What you should do » For the entries that follow, restate word for word the line containing "Blank white cosmetic", the line containing "Justin Herbert 2020", and every line that lies between them.

Data for the task »
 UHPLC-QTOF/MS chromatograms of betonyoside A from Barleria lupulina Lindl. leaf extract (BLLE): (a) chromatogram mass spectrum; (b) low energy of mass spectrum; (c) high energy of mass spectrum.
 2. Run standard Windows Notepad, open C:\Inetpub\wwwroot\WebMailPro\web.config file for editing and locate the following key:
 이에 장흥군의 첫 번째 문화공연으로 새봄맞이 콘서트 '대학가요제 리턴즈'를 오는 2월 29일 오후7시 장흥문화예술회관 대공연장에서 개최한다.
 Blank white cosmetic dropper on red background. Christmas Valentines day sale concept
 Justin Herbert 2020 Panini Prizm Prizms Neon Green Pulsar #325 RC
---
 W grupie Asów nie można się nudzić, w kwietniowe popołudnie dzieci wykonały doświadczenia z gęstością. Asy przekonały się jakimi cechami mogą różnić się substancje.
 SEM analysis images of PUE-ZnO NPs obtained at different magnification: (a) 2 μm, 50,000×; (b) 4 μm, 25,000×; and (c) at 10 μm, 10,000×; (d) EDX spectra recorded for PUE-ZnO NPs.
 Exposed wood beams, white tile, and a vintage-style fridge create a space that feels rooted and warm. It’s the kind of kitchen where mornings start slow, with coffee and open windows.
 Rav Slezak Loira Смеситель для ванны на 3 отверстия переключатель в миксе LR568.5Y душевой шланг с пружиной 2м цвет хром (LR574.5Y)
---
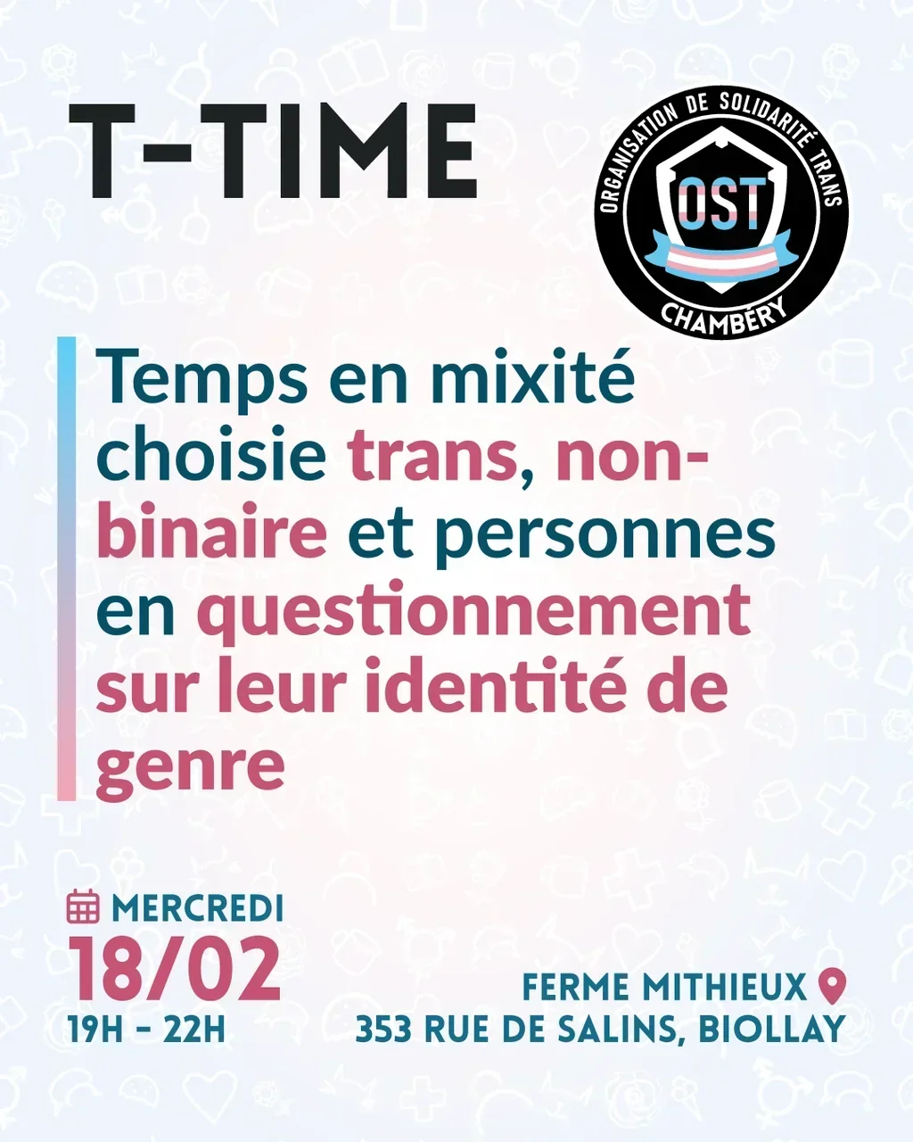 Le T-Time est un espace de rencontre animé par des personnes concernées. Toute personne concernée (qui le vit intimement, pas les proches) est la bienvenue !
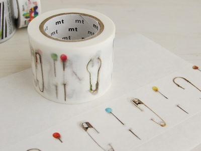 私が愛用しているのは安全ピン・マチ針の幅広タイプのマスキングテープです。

Answer space »
 Blank white cosmetic dropper on red background. Christmas Valentines day sale concept
 Justin Herbert 2020 Panini Prizm Prizms Neon Green Pulsar #325 RC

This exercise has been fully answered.